Introduction

Gastric carcinoma (GC) is the third most common cause of cancer-related death worldwide, with the highest incidence recorded in Eastern Asia, South America, and Eastern Europe [1]. The 5-year survival of this disease is 25% [2], which suggests that in the majority of cases, the disease is diagnosed in the late stages. Given its high prevalence and poor prognosis, early detection and prevention are important for the successful management of GC.

GC risk depends on the severity and extent of the premalignant gastric conditions. Correa et al. [3] suggested that intestinal-type GC occurs as a result of progressive changes of the gastric mucosa, which implies that gastric mucosal atrophy and intestinal metaplasia are associated with increased carcinoma risk [4]. Moreover, earlier studies have confirmed that the relative risk of GC is high in patients with severe atrophic and/or metaplastic gastritis [5, 6]. Therefore, identifying high-risk population groups could facilitate the implementation of early intervention strategies, which in turn could improve the prognosis of GC.

In 2005, Rugge et al. proposed the Operative Link on Gastritis Assessment (OLGA) system for the grading and staging of the phenotypes of long-standing gastritis [7]. Subsequently, Capelle et al. proposed the Operative Link on Gastric Intestinal Metaplasia Assessment (OLGIM) system that recognizes intestinal metaplasia in gastric mucosa in an easier and more consistent manner [8]. OLGA and OLGIM are grading and staging standards developed from the Sydney System, which is dependent on the histopathology findings of gastroscopic biopsy sampling; these systems provide information on the extent of the atrophic or intestinal metaplastic changes related to cancer risk [7,8,9].

Patients with gastritis of stages III/IV, i.e., high-risk OLGA/OLGIM stages, have been reported to have significantly high risk for GC under different epidemiological settings [8, 10,11,12]. Although studies suggest that the OLGA and OLGIM systems have great potential for the risk stratification of GC, there is no systematic review or meta-analysis to support this claim. Moreover, doubts have been raised on whether the OLGA/OLGIM stages are accurate and whether these methods underestimate the cancer risk [13, 14].

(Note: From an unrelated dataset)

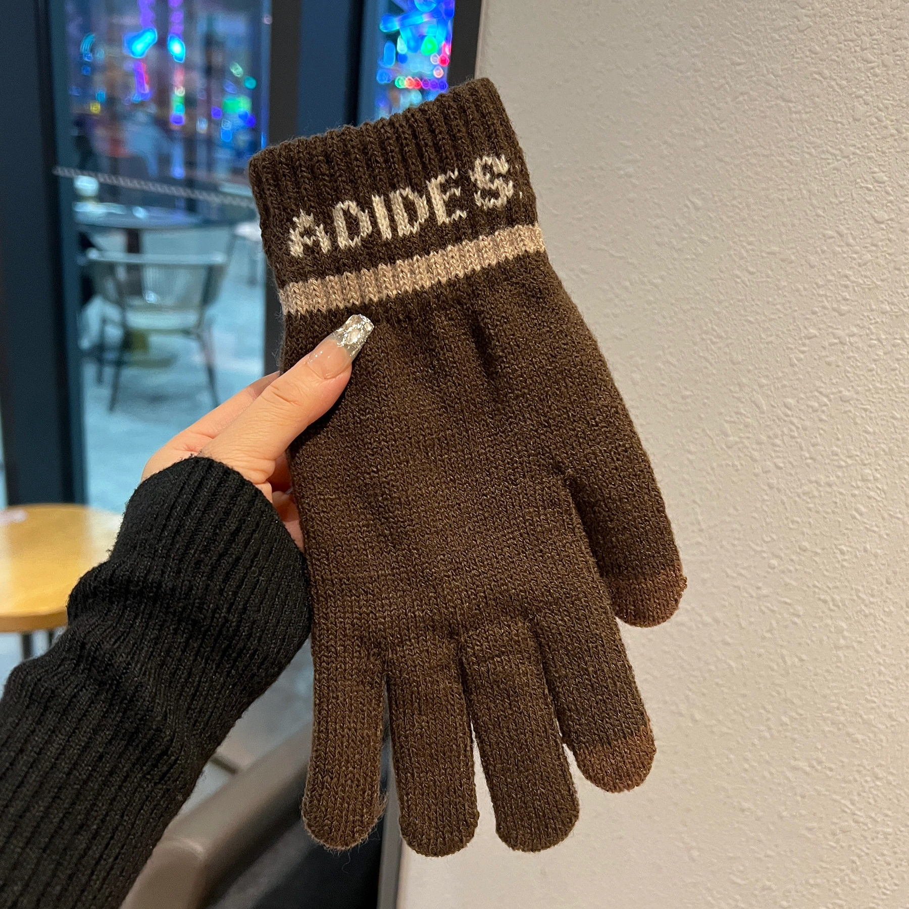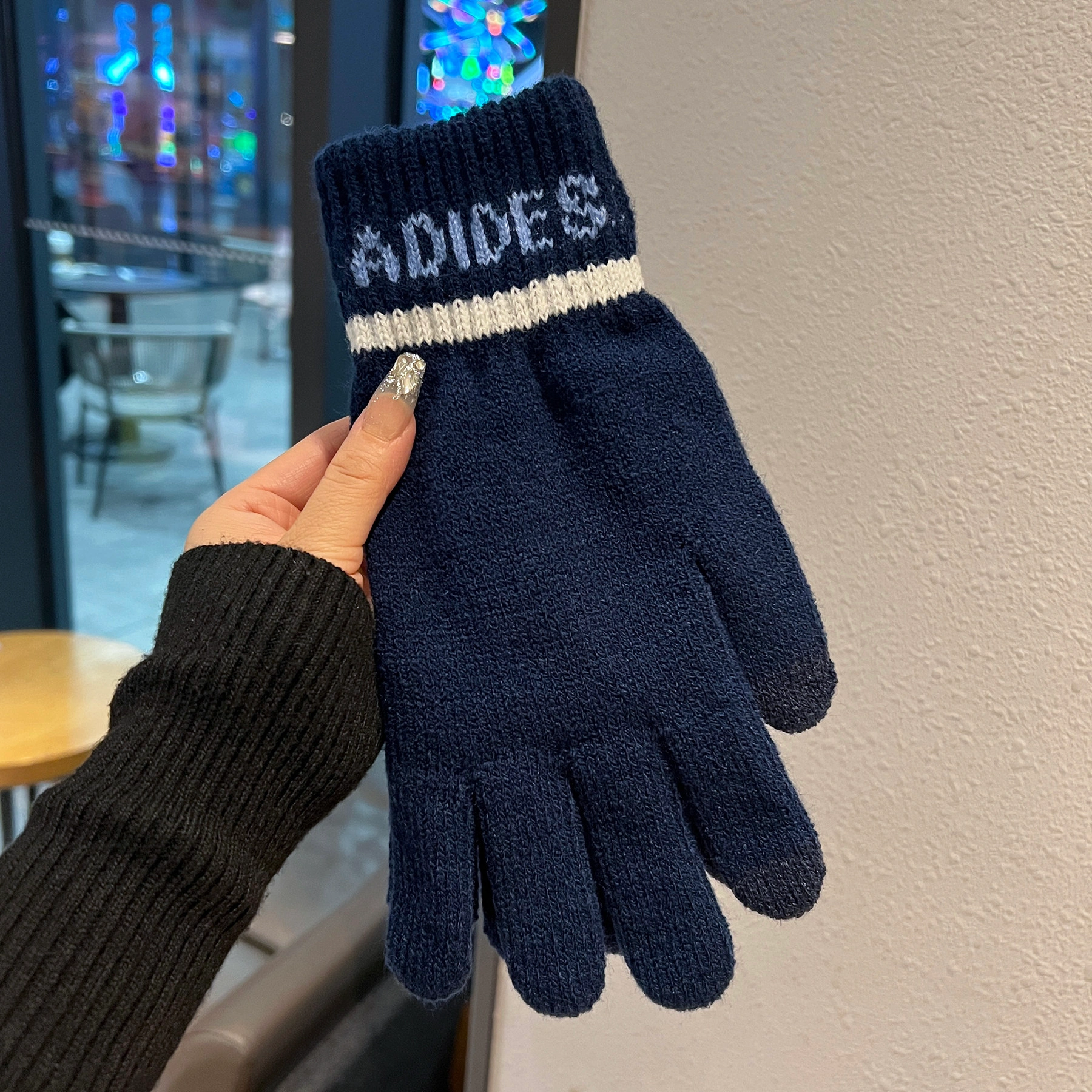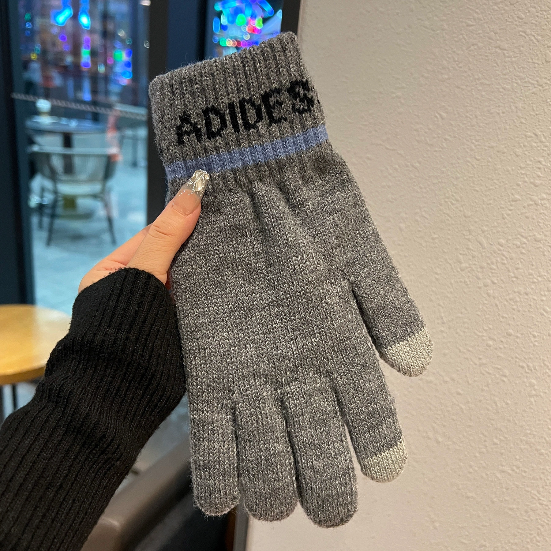 Large Men's Winter Touchscreen Gloves, Cold-Proof, Warm, Fleece-Lined, Knitted Cotton Gloves, Large Size, Five-Finger Gloves for Driving

Thus, there is still a lack of knowledge on the importance and accuracy of OLGA and OLGIM stages in the assessment of GC risk. To bridge this gap, we sought to undertake a systematic review and meta-analysis of case–control and cohort studies to elucidate the association between OLGA/OLGIM stages and GC risk and assess the strength of this association.

Methods

Search strategy

This meta-analysis was performed in accordance with the MOOSE statement guidelines [15]. A comprehensive search of medical literature was conducted using the PubMed, EMBASE, MEDLINE, and Cochrane databases for full-text articles as well as abstracts published up to March 31, 2017. We also screened for studies from the WHO International Clinical Trial Registration Platform (2004–2017) to obtain additional trials that would be most relevant to this review.

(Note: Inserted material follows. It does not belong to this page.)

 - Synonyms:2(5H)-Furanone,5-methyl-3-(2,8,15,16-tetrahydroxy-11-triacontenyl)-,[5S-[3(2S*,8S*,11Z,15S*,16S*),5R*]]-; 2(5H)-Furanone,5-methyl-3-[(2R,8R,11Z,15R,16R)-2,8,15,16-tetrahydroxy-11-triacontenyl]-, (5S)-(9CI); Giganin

The literature search and review were carried out independently by two investigators (HY and LS). The keywords or corresponding Medical Subject Heading (MeSH) terms used for the search were as follows: “operative link on gastritis intestinal metaplasia assessment”, “operative link on gastritis assessment”, “gastric cancer”, and “gastric intraepithelial neoplasia”. The details of the search strategy are provided in Supplementary Appendix Table S1.

Study selection

All citations were imported into a reference manager (Endnote X8.0.1) for the assessment of eligibility for this meta-analysis. In a blinded, standardized manner, two investigators (HY and LS) independently reviewed the title, abstract, or full text of all the identified articles. The corresponding authors were contacted to collect missing data or assess eligibility. Any disagreements regarding the eligibility of a study were resolved by mutual discussion or consultation with a third reviewer (LB).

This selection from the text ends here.